Aside from that, Sunday I spent the day w/my nephew...he is an excercise machine, lol... On Monday I got my hair carmelized, highlght, low light and evening out the over all tone in my hair... JC Penny had 20% off for new customers, so I did it all for like $95 (when at Vito Mazza the same thing cost me $250 in 2005). Since I got my tax return, hey why not!? I also got my oil changed and I found out one of my hoses is seeping, so great, I need to get it fixed, but I have another 20% off @ Good Year...wow, I never knew how coupons were so useful... shopping around for a good deal is always my hobby. I also went to lunch and played pool with Harry.
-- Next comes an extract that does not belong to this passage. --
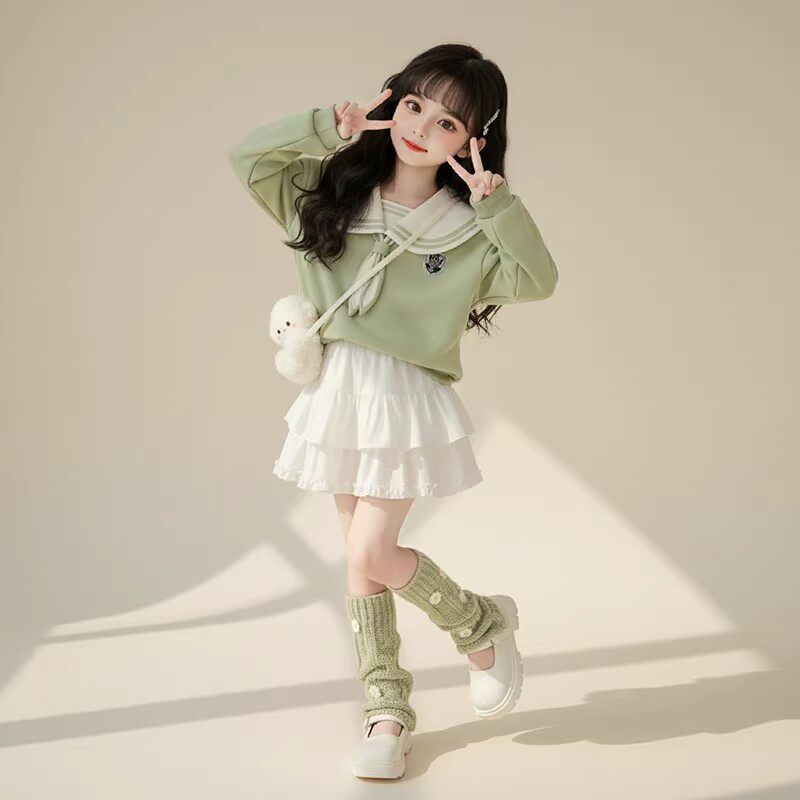 女童韩系学院风海军领长袖套装春季2026新款女大童洋气时髦连衣裙

It was such a quick day though... but I am saddened to say that one of my friedns is failing her OT field work :O( It is always so sad when you are bending over backwards but it just isn't happening...I remember when my professors failed me for Endocrinology (which was supposed to be a freaken PSYCHOLOGY class but it turned into a hrd core biology class) and I falied Theory of Linear Transformations 350 Blah! I hated the professors and those courses but they were my core-curriculum classes so I was soooo stresssed OUT! I was breaking out, I couldn't sleep, and that is when I hated school the most. It happened my 3rd yr of school, with 2 consecutive semesters...but, you got to get it done and take it one day at a time, is what I learned... I was #4 in my high school class and now I was failing classes-that made me feel so empty and lost and what will I do?! I felt desperate and hopeless... But today I have a stable job, I enjoy not ahving to deal with people and eventually I want to get to the top :O)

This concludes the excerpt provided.